We might forget this sometimes if we’re using numerical methods more than analytical methods of integration. Using numerical methods like the trapezoidal or the rectangle method we actually do go in and add up all the regions between the boundaries that approximate the total area under the curve. But for analytical integration we don’t need to do that. We only need the antiderivative and the boundary points. And that tells us everything about the region in between those points. It seems almost magical.

Circling back to those four key concepts in the generalized Stokes’ Theorem, with the Fundamental Theorem of Calculus what we have is a differential form of dimension 0 and a manifold of dimension 1. For a function, lower case f(x), the antiderivative, upper case F, is the (0-form) differential form. The closed interval from a to b is a 1-dimensional manifold. (For the sake of simplicity think of a manifold as a surface of some dimension. A 1-dimensional manifold here being a line.) The boundaries a and b are 0-dimensional; they’re points. 
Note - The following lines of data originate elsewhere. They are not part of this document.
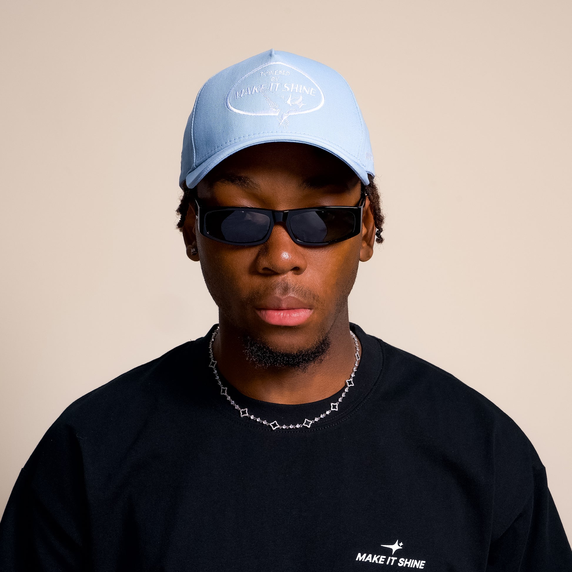 Discover our Signature Cap, an adjustable SnapBack cap for a perfect fit that features an embroidered patch on the front with the words "Powered by Make it Shine" and an eagle subtly integrated into our logo. On the left side, "Make it Shine" is embroidered, while the right side is adorned with our iconic logo. A stylish and unique piece to complete your outfit.
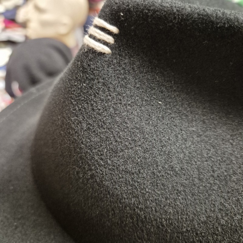 Il est orné d'une bande en gros-grain partielle et de coutures pincées au niveau de la calotte.
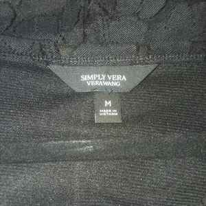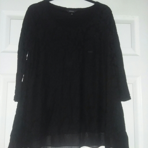 This is really a pretty top. The pictures don't do it justice. A pretty black, lace top with sheer border on the bottom. Body is fully lined. Slightly longer on the sides. Instruction tag is small print on a black tag. Impossible to photograph. Wash in cold water with like colors. No tags. Never worn.
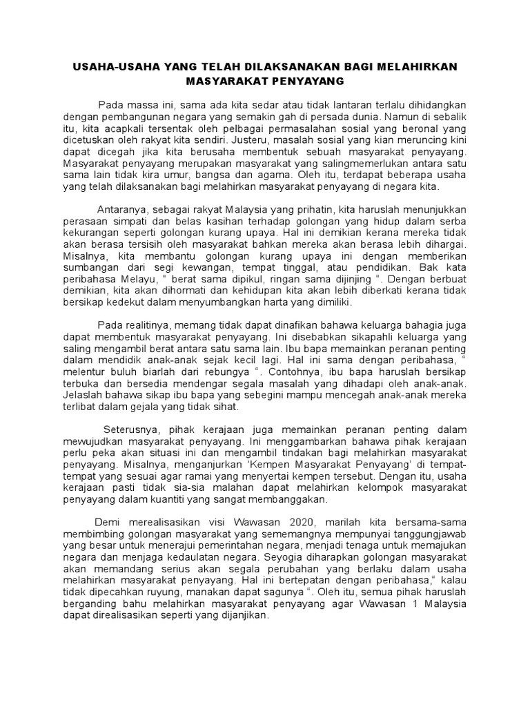 Panjang huraian hendaklah antara 200 hingga 250 patah perkataan. Masyarakat yang berbilang kaum ini boleh mempelajari perbezaan budaya dan sistem sosial masyarakat lain seterusnya memahami oleh itu, langkah yang signifikan harus diambil bagi menerapkan semangat kejiranan kepada semua lapisan masyarakat. Oleh itu, pihak kerajaan haruslah menambah frasarana sukan seperti gelanggang, dewan, padang dan sebagainya untuk menarik minat masyarakat terutamanya di documents similar to kepentingan bersukan kepada masyarakat dan negara. Memiliki kaidah, struktur, dan pola tertentu. Malaysia merupakan sebuah negara yang unik kerana terdiri daripada pelbagai kaum, bahasa, agama, seni, budaya dan sebagainya.
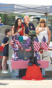 Mrs. West Virginia America 2022 Christina Fowler, second from left, leads the audience in the Pledge of Allegiance, with the help of her daughter Giuliana, 8, Saturday at the Stepping Stones of Honor ceremony in Parkersburg City Park. Also pictured are President of the Veterans Museum of the Mid-Ohio Valley Scot Heckert and April Binkney, secretary and treasurer of the museum. (Photo by James Dobbs)
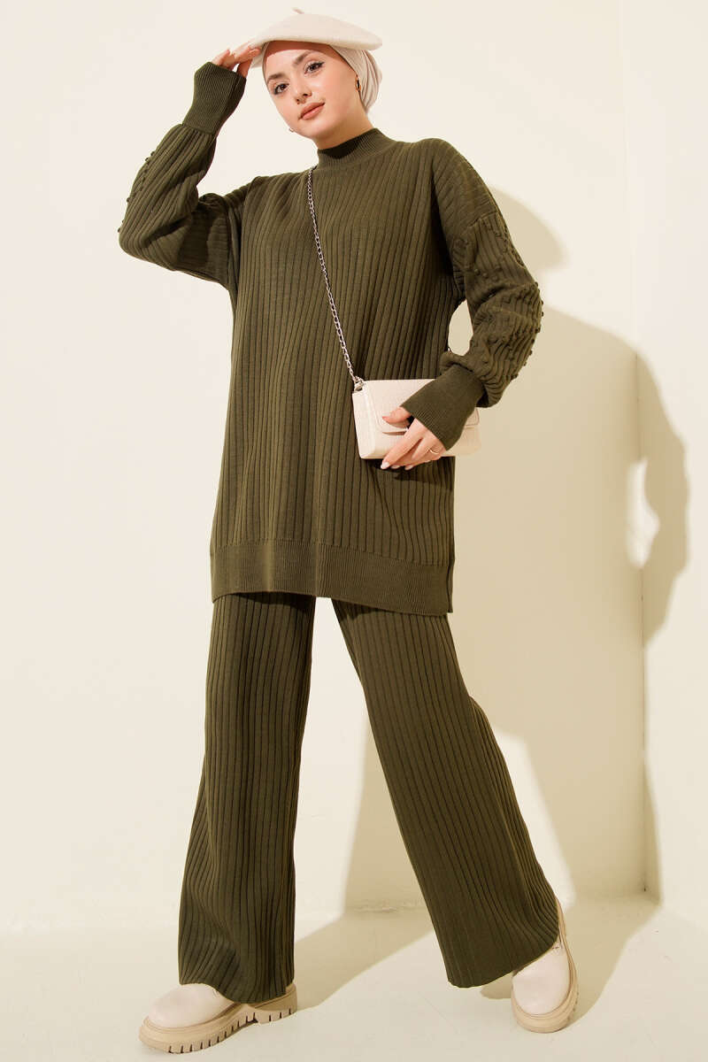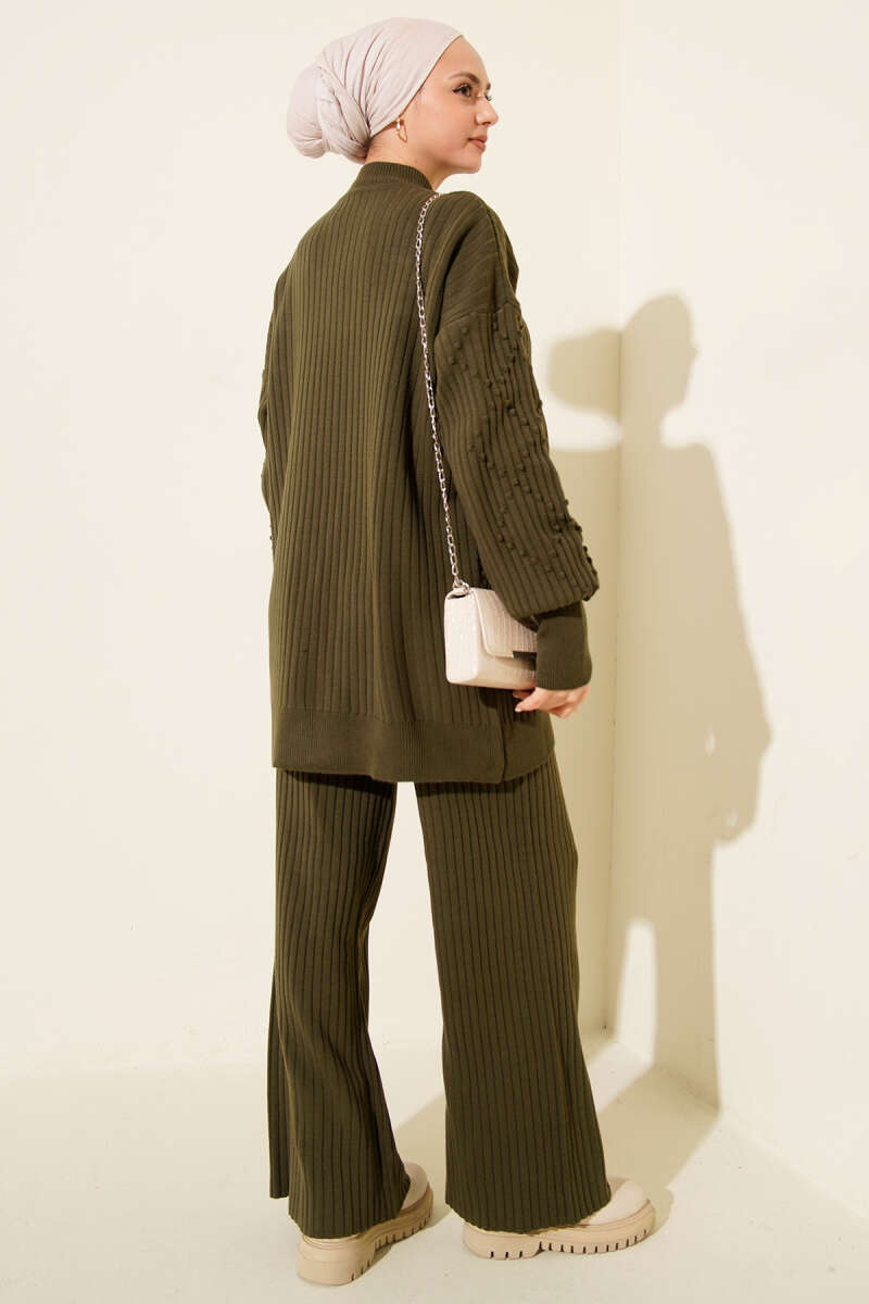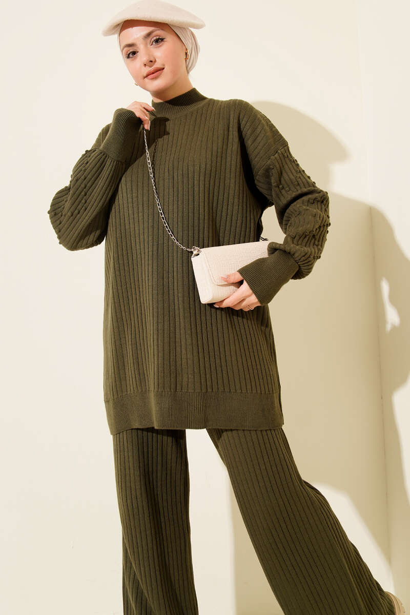 Balıkçı Yaka Fitilli Triko İkili Takım Zümrüt

 And the exterior derivative is lower case f(x)dx.

Green’s Theorem

What other applications are there of this generalized Stokes’ Theorem? There’s also Green’s Theorem. Green’s Theorem has a similar form to the Fundamental Theorem of Calculus but instead of looking at a curve bounded by points we’re looking at a plane region bounded by a curve. With the Fundamental Theorem of Calculus we have the integral of a 0-dimensional differential form over the boundary of a 1-dimensional manifold. With Green’s Theorem we have the integral of a 1-dimensional differential form over the boundary of a 2-dimensional manifold.

As with all these theorems we’re looking at, in Green’s Theorem we are able to determine features of a region by looking at its boundaries. If we have a closed curve C that surrounds a region D we can figure out the area of D from the closed curve C. This is actually how planimeters work. And planimeters are pretty cool. A planimeter is a device that you can use to trace out, with a mechanical arm, a curve of any shape, and when you return to the position you started at it calculates the area that that shape encloses. This is exactly what Green’s theorem does.

So now to state Green’s Theorem: Say we have curve C, and functions M and N defined on a region containing D, the region enclosed by C. Green’s Theorem states that the double integral of partial derivative of M with respect to y, minus the partial derivative of L with respect to x, δM/δy – δL/δx over a region D is equal to the line integral of Ldx + Mdy over the curve C. This is that perimeter to area connection, where we can get an area, normally found using a double integral, from a perimeter, found using a line integral. The differential form is Ldx + Mdy. The region D is the two-dimensional manifold. The curve C is the 1-dimensional boundary of the manifold. And the exterior derivative is δM/δy – δL/δx.

The Divergence Theorem

We can bump all this up another dimension to get the Gauss’s Theorem, also known as the Divergence Theorem. With Green’s Theorem we have the integral of a 1-dimensional differential form over the boundary of a 2-dimensional manifold. With the Divergence Theorem we have the integral of a 2-dimensional differential form over the boundary of a 3-dimensional manifold.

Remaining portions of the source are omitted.